If we are interested in identity as an issue, I would think it would be the desire to have control over who I am (how I am to be defined). Marx, Emerson, Nietzsche, Rousseau, etc. would point out that we are already defined, by outside means or conformity to culture or the terms of society, and suggest ways we could assert ourselves. Now even if we don’t believe that we are someone, inherently, we might still appreciate that some of us are unfairly unable to assert ourselves at all. The desire not to be marginalized seems pretty clear; not to be systematically ignored, sidelined, not allowed a voice, or not shown respect, etc.
establishing a cultural norm where a testimony of harm received moral and epistemic authority… the status of the primary epistemic standard. — Number2018
My expression of pain is the best case for our knowing pain (to the extent pain is related to knowledge). Wittgenstein will point out that you can just as equally know my pain in the same way. But I am the only one able (with the authority) to “express” my pain (in that I own the responsibility for that), but the standard to judge its authenticity is just as much yours, thus the possibility to judge the “credibility” of a witness. The thing is that knowledge is not our only relation to pain; when I say “I know you are in pain”, the way it works is that I am accepting (or rejecting) you as a person in pain, the claim your pain makes on me—to take you seriously. Perhaps the interest here is to point out that some testimony is being dismissed because of the inability to see (or trust) the witness as a person, as in: one who it is important to listen to to begin with. Perhaps because we’d rather deny its authenticity than reconcile that amount of pain to a person, I don’t know.

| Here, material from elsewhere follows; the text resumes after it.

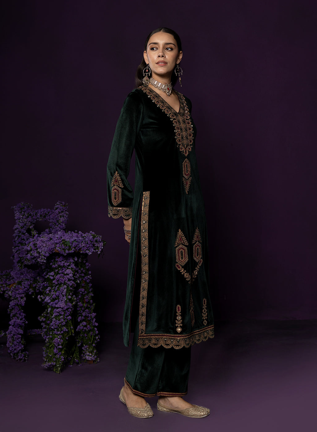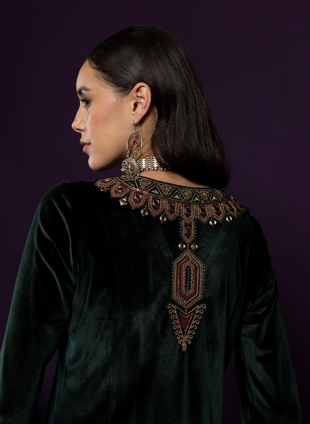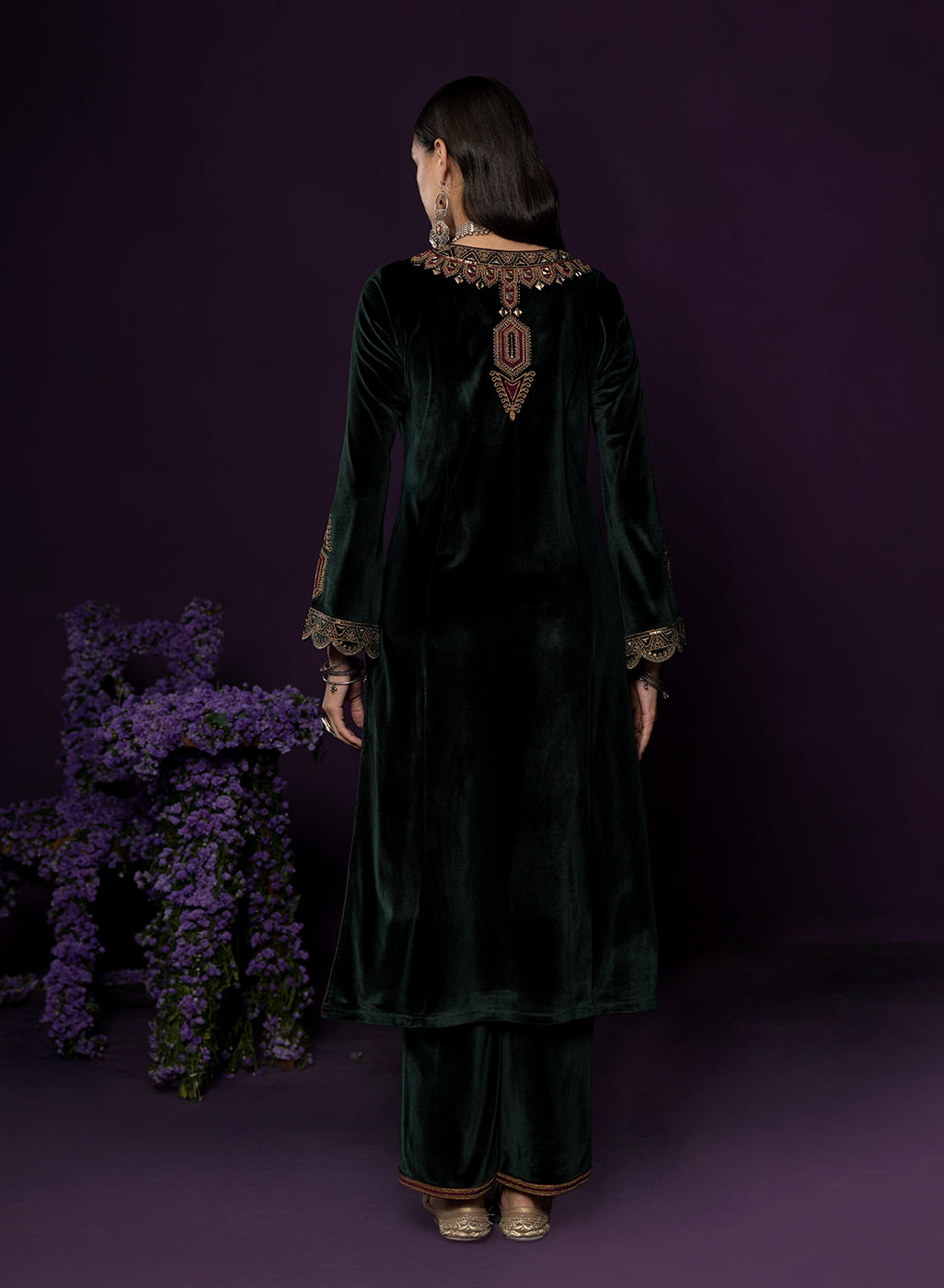 Koel Green Embroidered Velvet Suit Set with Banarasi Dupatta
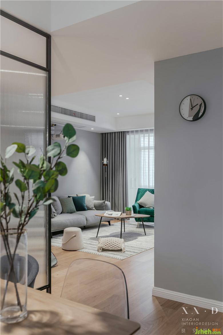 進門玄關(guān)處,室內(nèi)設(shè)計師以長虹玻璃將玄關(guān)與餐廳的空間區(qū)隔開。透明玻璃的使用不僅不影響空間的視野,反而延伸了空間感。

moral claims based solely on feeling hurt or offended. — Number2018
Well this seems impossible to avoid now; the expression of pain (writhing on the ground), solely, by itself, makes a claim on us, to respond. Now, as part of how it works, we can ignore someone’s pain, ignore them, for any number of reasons. We can refuse it as a claim on me to do anything. Perhaps we are scared to, or resent being forced to, accept the claim someone else’s pain makes on us.
this phenomenon likely calls for a deeper philosophical framework to better understand the contemporary affective landscape. — Number2018
I take this as the fundamental misunderstanding, placing rationality as the sole resource. This is not a matter of understanding
through philosophy, but (maybe even philosophically) realizing that the job is understanding people and their interests better.